Once he realized the untapped demand, Haye opened Yardie Grabz, run out of a commissary kitchen. He expanded his takeout and catering menus to include ackee and saltfish, coco bread, and jerk chicken. Even with his contribution, Vancouver’s Jamaican cuisine still has a long way to go, he feels. “The scene is very underground. A lot of people are still unaware of Jamaican food as a whole, let alone restaurants or people making the food. The scene is still very small—but it is growing.” Haye attributes the lack to Vancouver’s modest Jamaican population compared to cities like Toronto.
He feels the shake-up from the pandemic, however, has led aspiring entrepreneurs to be willing to try new things. His own venture has forged unexpected bonds. “People will say, ‘My mom is Jamaican’ or ‘My grandmother is Jamaican,’ so it’s been cool to meet a lot of people with heritage similar to mine, who I otherwise would not have known,” he says.
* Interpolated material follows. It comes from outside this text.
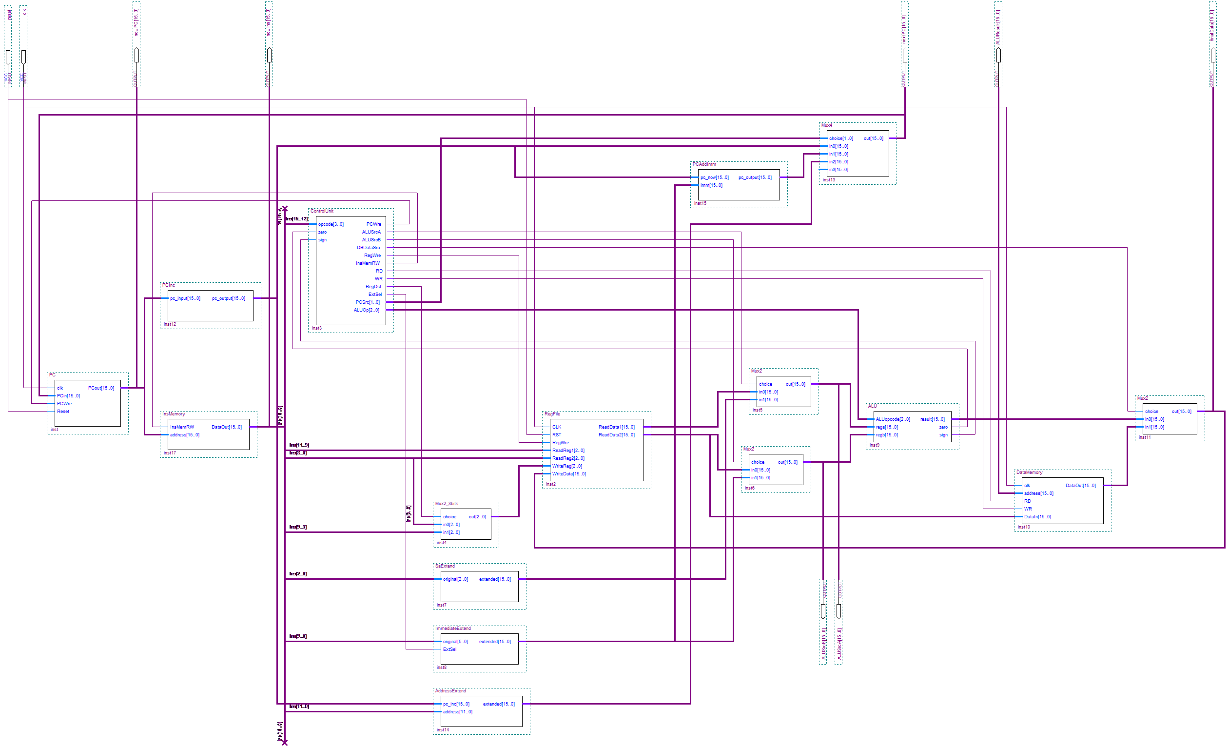 在顶层模块中,通过实例化各个底层模块,并使用导线将它们按照数据通路图连接起来,构成单周期CPU的完整结构,具体原理图如下:

Serving food at club events allows Haye to introduce Jamaican dishes to younger people, who sometimes have misconceptions. “A lot of people think it’s generally all spicy food so they’re not too keen on trying it,” he says. Some customers are hesitant about oxtail but order a full plate once they taste a sample.
While Haye is heartened over the success of Yardie Grabz, he’d like there to be more events, such as the Caribbean Days Festival, now held in Coquitlam, to give the food and culture more exposure. He’s been happy to help people who have reached out to ask how they can start their own Jamaican food business.
Haye, Mohammed, and Hinkson see themselves as part of a small yet growing community—which includes Calabash Bistro, The Loft, Di Reggae Café in Surrey, and The Patty Shop—that continues the hard work done by an earlier generation. Hinkson says, “Caribbean food in Vancouver is few and far between, but the story is so meaningful. It’s why we’re here, and why we’re not going anywhere.”